Hillbrow Now

I first visited Hillbrow in March 2011 on a tour with the Joburg Photowalkers.

Seven years later, my memories of that walk are fuzzy. But I do remember it was the first time I went to the Hillbrow Boxing Club.

It was a Saturday afternoon and the boxing ring was full of cavorting children. Adults lounged on chairs scattered on the sloping concrete next to the ring. The Hillbrow Boxing Club, in a prominent spot at the corner of Claim and Pietersen Streets, used to be a petrol station. Even today, empty petrol tanks lie dormant under the concrete.

Coach George Khosi stood near the door to the gym. I walked up and introduced myself.

“I’ve heard about you,” I told George. “I like to box. I’d love to train here sometime.”

George smiled and gave me a fist bump. “You will come,” he said.

I did come, but not until a year later. I didn’t have a car in 2011 and catching a ride to Hillbrow wasn’t easy in those pre-Uber days. And to be honest, I was scared.

In February 2012, my friend Anita and I finally worked up the courage to drive to the Hillbrow Boxing Club. It was raining and we got lost – we didn’t have Google Maps or even smart phones. But we called George and he walked to find us, hopping into our car and guiding us to the gym. I was a regular from then on.

I’ve been driving to the Hillbrow Boxing Club three mornings a week, every week, for the past six years. I hardly think about it anymore. But when I do think about it – when I walk around Hillbrow with George and look at the neighborhood through the eyes of an outsider – I’m reminded of how extraordinary Hillbrow is.


An Outsider’s History of Hillbrow

I moved to South Africa in 2010, so I didn’t know Joburg during its pre-democracy days. In some ways this makes me a perpetual outsider; I can learn to know the city but only to a point. It’s hard to fully understand Johannesburg “now” when I didn’t live in Johannesburg “then”.

But in certain ways my ignorance of Joburg “then” gives me a more open-minded perspective on Joburg “now”. Especially in Hillbrow.

I’ve read countless stories and Facebook posts by white South Africans, reminiscing about Hillbrow’s culture, its shopping, its nightclubs, and its legendary late-night fast food joints in the 1960s, 70s, and 80s. These accounts always have a “those were the good old days” kind of vibe.

In those days Hillbrow was party central, where middle class South Africans went to drink and do drugs and live life to the fullest. Even then there was an edginess to Hillbrow, one of Joburg’s first “gray areas” where races mixed in open secret. Or so I’ve been told.

At the end of apartheid, white people began fleeing Hillbrow’s high-rises for gated communities in the suburbs. Landlords neglected their Hillbrow buildings; the government and police turned blind eyes. Immigrants poured in from across South Africa and the continent, packing into subdivided flats. Buildings were possessed by criminal gangs, water and electricity were switched off. “Hillbrow then” swung quickly and violently into “Hillbrow now”.

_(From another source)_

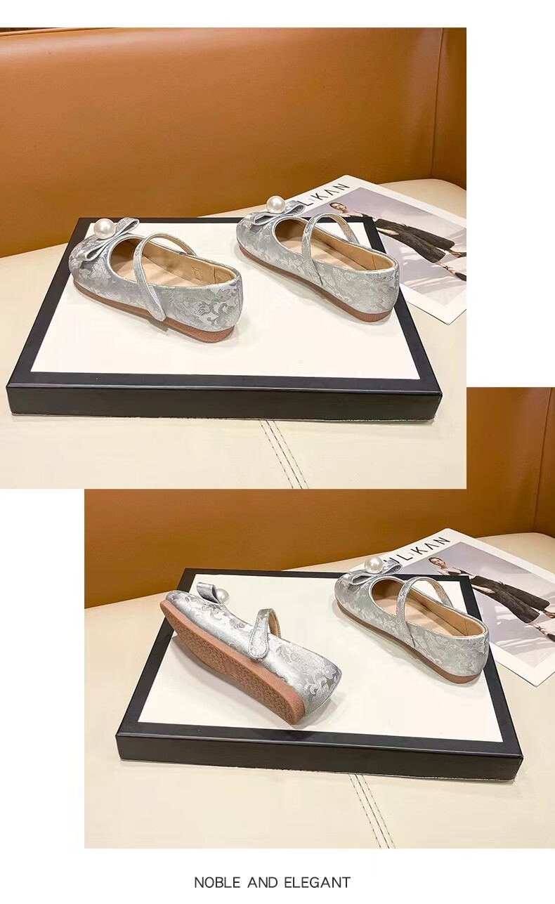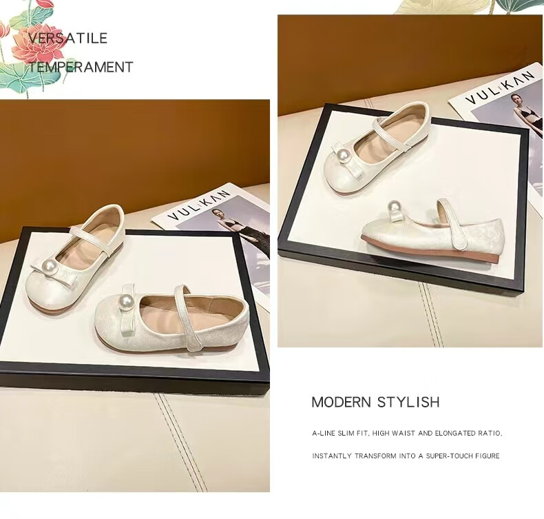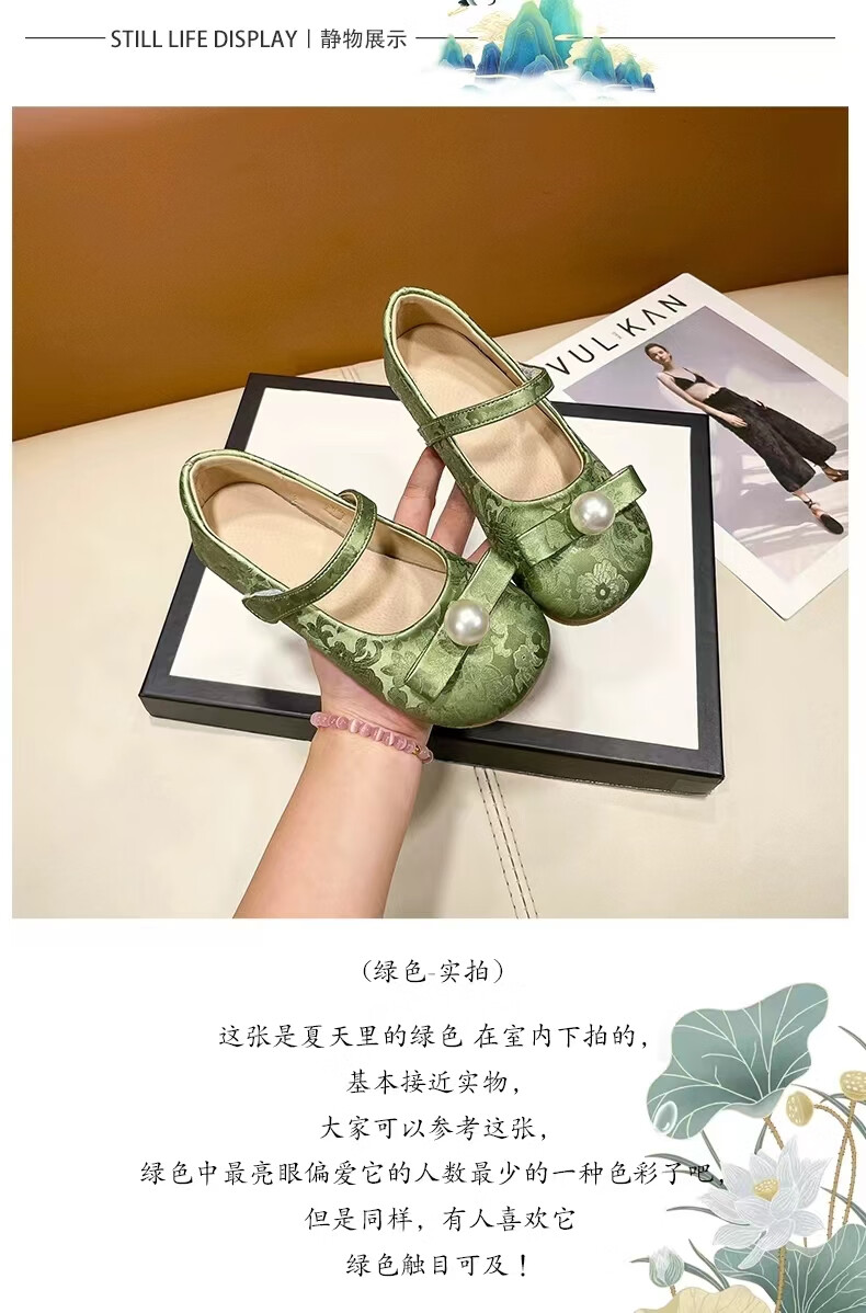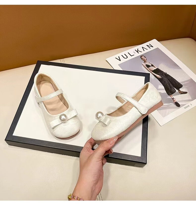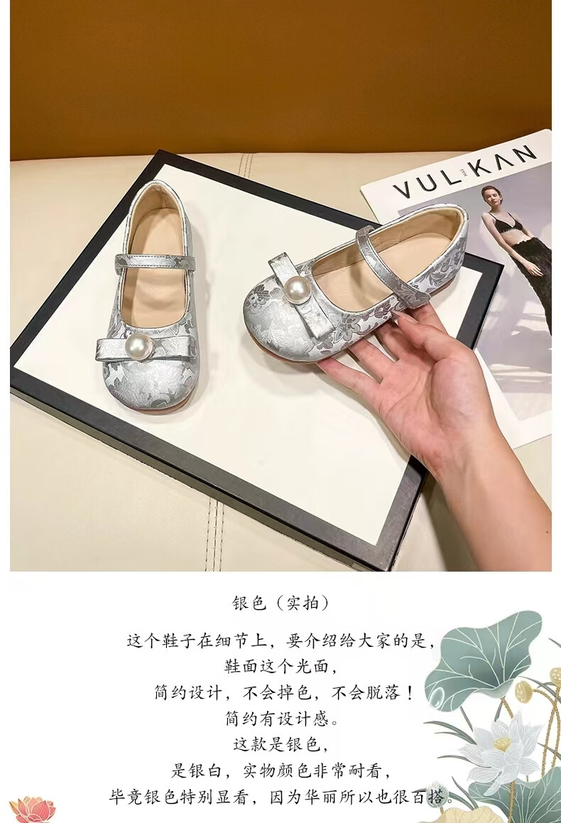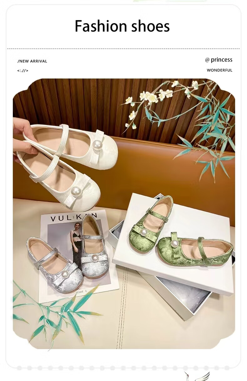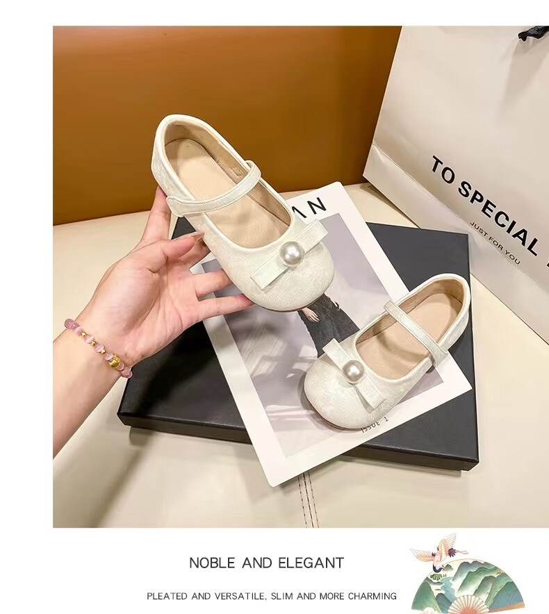 G.duck小黄鸭女童公主鞋2024新款春秋儿童小皮鞋女宝宝软底国风汉服鞋 米白色 (脚长加1cm下单哦) 35 (内长21.4cm)

Today, Hillbrow still has the clubs and the drugs and the fast food, of a slightly different variety than before. But it also has extreme poverty, crumbling buildings, way too much rubbish, and an atmosphere of chaos.

“Hillbrow now” is a challenging place, especially for those who live there. It’s also completely unique, perhaps even more so than “Hillbrow then”, and harbours many delightful secrets.

I didn’t know Hillbrow’s “good old days”. To me, the good old days are now.


Five Secrets in Hillbrow, Now

I walk and run the neighbourhood around the Hillbrow Boxing Club frequently, usually with George. There are certainly some streets to avoid and it’s best to walk during the day, with a local. But overall I find Hillbrow as safe for walking as any other neighbourhood in Joburg.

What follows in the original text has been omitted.